Лишь на миг обернулась Миледи, чтобы вдохнуть грудью, разжижить слезливые спазмы в горле, остудить пылающее лицо и стесненное нутро, горящее уже не столько от боли, сколько от непереносимой обиды. Какой-то тонкий пронзительный стон она расслышала и похолодела: пустынно было на улице, и лишь клубился над протаявшей землею и по-над болотами серебристый свет. Она всхлипнула, шмыгая носом, облизывая соленую влагу. Боже ж ты мой! Это в ней плачет маленькая гордая девочка, кинутая всеми на одиночество. Загарчать бы во весь голос, чтобы вся Слобода, приставшая сейчас к самоварам и телевизорам, испуганно высыпала на улицу и стабунилась вокруг жалостной, перенимая ее горе на себя. Эх, была бы птицею, так и взлетела бы к потухающей жаровне янтарных угольев, тлеющих по окоему, чтобы истаять там, истаять в прах и тлен, превратиться в слабое дуновение эфира. И словно бы подслушав горюшицу, по-над Слободой, едва не чиркая крылами по серым крышам, проплыла станица лебедей и, взбулгачась над разливом, неряшливо опала на кроткую воду хлопьями бумаги, густо выбелила дремотные заводи. Мелькнуло вдруг в голове: кинуться бы туда, в студеную бочажину, вода скоро приберет к себе, а там и река подымется, взломав оковы, и унесет в море, замоет безвестно в пески.
А что? Вся земля — неустанная роженица-плодильница и пестунья-нянька, кормилица и погребальница. По костям ходим не вем где схороненных предков наших. Все из земли, и все в землю своим чередом, и не скинуться из бесконечной вереницы в глухое затулье, не оборониться железной дверью. Смерть всех приберет. Чего годить еще, чего радостного ждать? ради какой нужды тлеть гробом повапленным, делая вид, что жива, и счастлива, и не суетна, хотя всем существом уже давно уснула в могилке. Матерь родная, и на что ты меня на белый свет спородила? Неурядливая я, пустоголовая, вредница и поперечница, нету мне житья ни с кем! Что может родиться в дуплистом дереве, у которого по жилам студеные ветры лишь дуют?

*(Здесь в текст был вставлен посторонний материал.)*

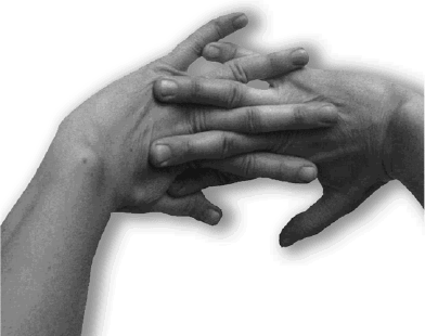 9. Кончиками пальцев обеих рук энергично постукиваем друг о друга, чтобы вызвать прилив сил (фото 1, е).

Миледи очнулась, застонала уже нарочито и, подхватив чемодан, поплелась по лужам, не выбирая сухой дороги; в туфлях хлюпало, пальцы превратились в ледяные жамки.
У Братилова свет, Братилов малюет свои картинки на хлеб насущный, тряся над картоном нечесаной бородою. Иль лежит на диване и, распечатав бутылку, потягивая винцо, тупо глядит в потолок, счастливый уже и тем, что «день прошел, и слава Богу». Он-то, безукорливый, примет, и чаем напоит, и накормит квашеными груздями, а после и донимать станет своей любовью, сам глухой и слепой к ее душе. Твари вы все, мужики, твари и скоты, кобели проклятые. На кой грех рожены? Всех бы вас заколотить в большой ящик да и сгрузить в море: плывите на корм рыбам.

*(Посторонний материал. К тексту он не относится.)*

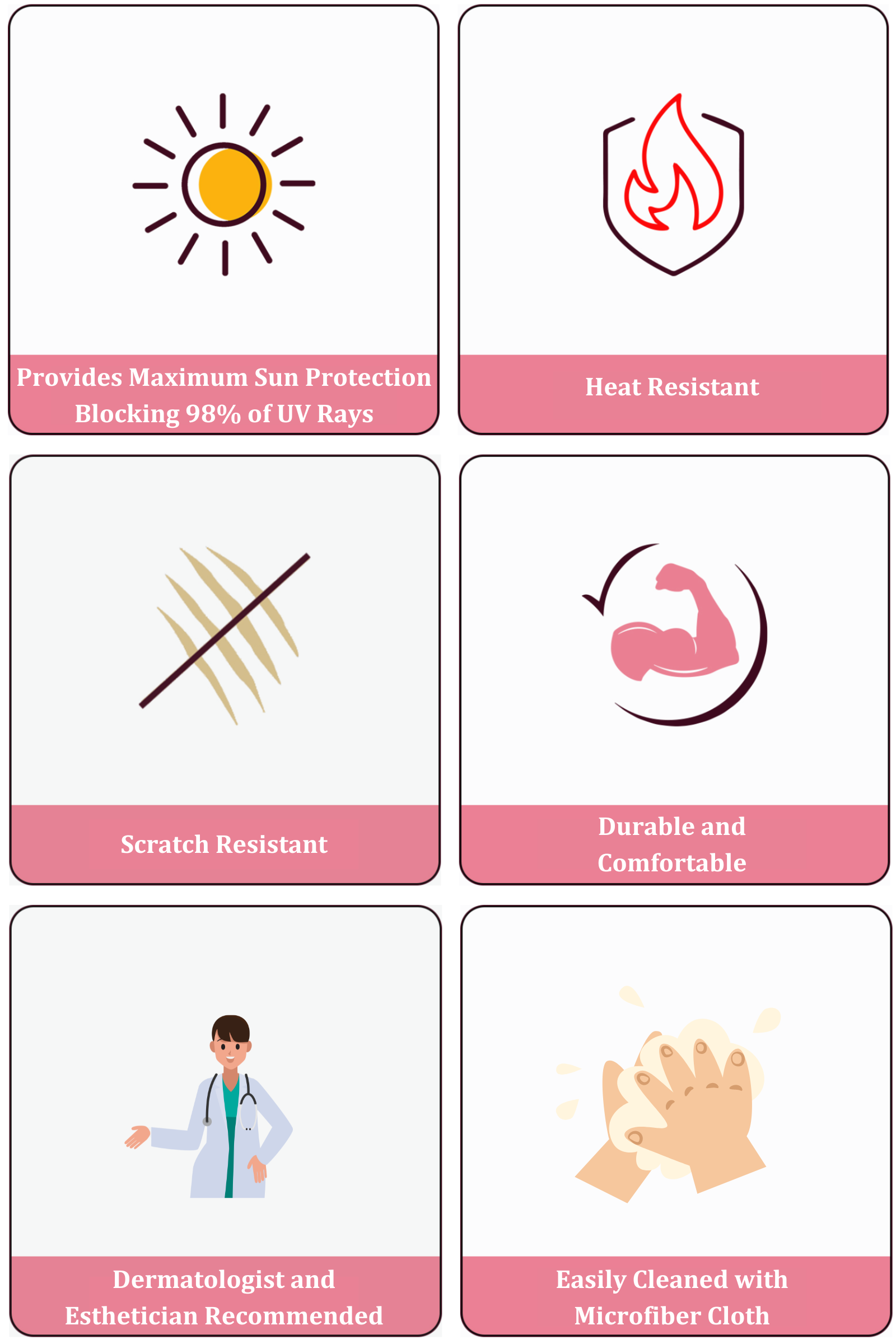 ◦Provides maximum sun protection, blocking 98% + UVA/UVB rays

Миледи внезапно озлобилась и пришла в чувство. Ненавистью тоже можно жить, да еще как ладно-то и споро; душа пылает и подсыпает перцу под хвост. И-эх, раскатись, залетные!.. Миледи хихикнула и сплюнула в сторону Братилова, сейчас действительно доедающего последнюю ржаную корку, обмакивая ее в крутую соль, облупливая горячую картоху, не спуская взгляда с этюда. На холсте станица лебедей вила кольцо вокруг розовой церкви, по самую паперть погруженной в дымящуюся морозную воду.
Что-то потянуло Братилова к окну: он прилип носом к стеклу, но увидел лишь лоснящуюся дорогу, всю в просовах и зажорах, тощие сугробцы по бокам, облитые грязью, и лошаденку Васи Левушкина, уныло помахивающую хвостом. Возчик мостился на телеге, набитой мешками с зерном, и с этой вершины, хмельно озирая вечереющие поля, мурлыкал что-то бессловесное себе под нос. Из кармана фуфайки торчало горлышко «Московской», заткнутое бумажной скруткой. Фуражир Вася Левушкин даже в дикие времена растащиловки был всегда при деле и в подпитии. Братилов зажмурил глаза, чтобы не видеть ненавистной «белоголовки», уплывающей от него, и скорее вернулся к столу, чтобы заглушить низменные страсти грустным чайком на смородиновом листе. А что, братцы мои, при великой нужде ведро воды заменяет сто граммов водки.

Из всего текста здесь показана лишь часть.